One of surfing’s great rivalries is Kelly and Andy Irons. When filming Fly in the Champagne, Andy arrived at Kandui and had to wait two days for Kelly. As he does, Kelly showed up with the swell.
Kelly has been peppered with requests for 40+ years. Can you imagine waking up every day to people asking for something from you?
While we were on production, I heard this line at least six times a day:
“I don’t want to interrupt, but I just have to [insert story about wife/son/brother/dying relative]…”
—before pulling out an iPhone or something to sign, mid-conversation or mid-interview.
School buses pull up with kids banging on windows. People produce decade-old Firewires to be signed. “Slats!” “Slater!” “THE GOOOOOAAAAAT!” from passing cars. It’s relentless.
My observation is: Kelly is noncommittal on almost everything. No firm start times. No firm end times. Life is built fluidly, so he can pivot on a whim and surf when he wants. The most specific time you’ll ever get is: morning, lunch, or afternoon.
Of course, some commitments are locked — awards shows, heat start times, flights.
But he’s unpredictable. This year, he missed both the Backdoor Shootout and The Eddie. But then I saw him at the OuterKnown booth at Surf Expo in Orlando.
Dealing with a scrappy outfit like Stab is tricky for someone like Kelly. He’s not about to miss a tee time. He’s not jeopardizing a Breitling contract. If he skips a heat, the tour keeps rolling. But with us? There are no levers. We’re not paying him. We’ve got no chips at the table.
Yes, we have boards from the best shapers in the world — but Kelly can call any of them anytime (and strangely almost never has). Does this help his core audience? Definitely. But his career doesn’t shift because of this project.
To mark the occasion, we aimed higher — an Annie-Leibovitz-for-Vanity-Fair-style shoot with the board builders. In the studio. Lit. Styled. Interviewed. No hats. No ears tucked. We wanted the boards and shapers to have gravity.
We also hoped the images would underscore the weight of the project for Kelly.

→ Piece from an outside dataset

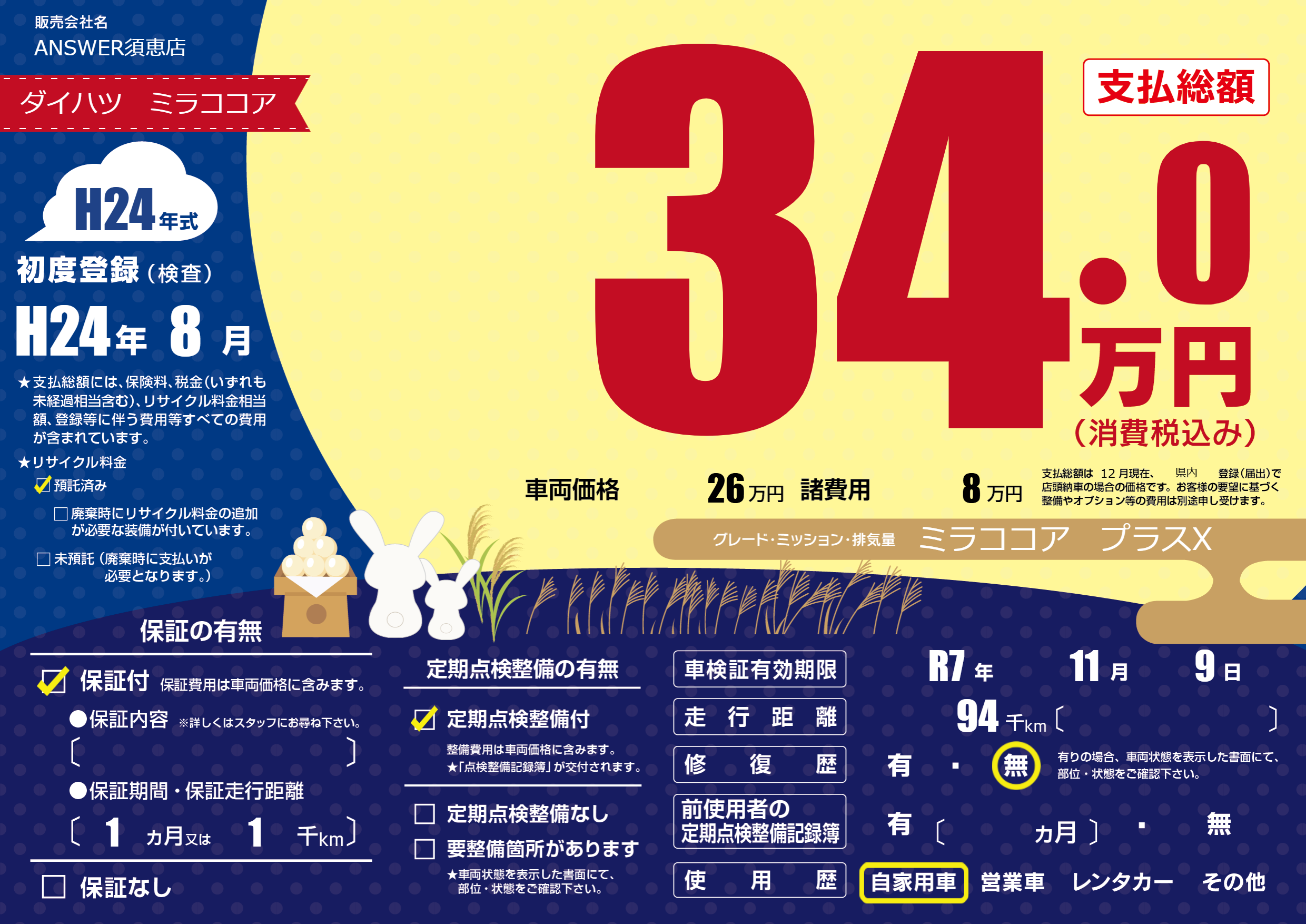 | 車名 | ダイハツ ミラココア | グレード ミッション 排気量 |

Over three days, we recorded ten hours of interviews — covering careers, craft, and philosophy.
May on Australia’s east coast is known as Magic May: warm water, solid swells, and often, all-day offshores.
As the Tasman started lighting up, I asked:
Should we just shoot here, at the most documented coast in the world?

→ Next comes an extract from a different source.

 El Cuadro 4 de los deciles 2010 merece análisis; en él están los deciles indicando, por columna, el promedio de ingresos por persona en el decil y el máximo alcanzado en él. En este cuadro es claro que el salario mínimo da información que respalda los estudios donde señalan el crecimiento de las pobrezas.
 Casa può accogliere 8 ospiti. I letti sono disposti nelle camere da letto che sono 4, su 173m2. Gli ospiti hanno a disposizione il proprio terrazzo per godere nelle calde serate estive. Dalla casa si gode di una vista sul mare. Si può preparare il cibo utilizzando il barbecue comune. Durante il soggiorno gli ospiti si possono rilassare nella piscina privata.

Should we just surf the Goldy?
The texts went back and forth. One stuck.
“My body is fooked,” Kelly texted.
That was my in.
Kelly has scoliosis. Mine’s worse. He has hip pain. I had Birmingham resurfacing. I used to wear a back brace. I could barely walk. But I’ve been doing Functional Patterns training three times a week for five years. I’m pain-free.
I knew this could help him like it helped me.
The challenge? I’m deeply self-conscious about the training. Most exercises look like memes. It’s parody material.
Forty-eight hours later, I’m shirtless in a gym next to a shirtless Kelly Slater. We’re doing the session together over facetime with my trainer, Tim. The terminology is confusing, so I’m relying on my trainer’s cues.
At one point, Kelly’s on all fours, and I’m all-up-in-his-shit, tapping his sternum with an index finger to help him inflate the right area.
I’ve drawn the blinds.
Mick Fanning sticks his head in.
“What’s going on here?”
I’ve never wanted to disappear more. Mick bails.
Kelly and I take turns under Tim’s guidance. I’m grimacing through a set and Kelly deadpans:
“You look like a little kid who’s really angry.”
FML.
Forty minutes later, we’re in the sauna talking crypto and American politics.
Forty more, we’re doing the surfboard reveal and shaper guessing game near D-Bah.
Another forty, and he’s surfing a three-foot beachbreak on the Sharp Eye.
After two years of planning, false starts, and near-misses – Stab in the Dark X had begun.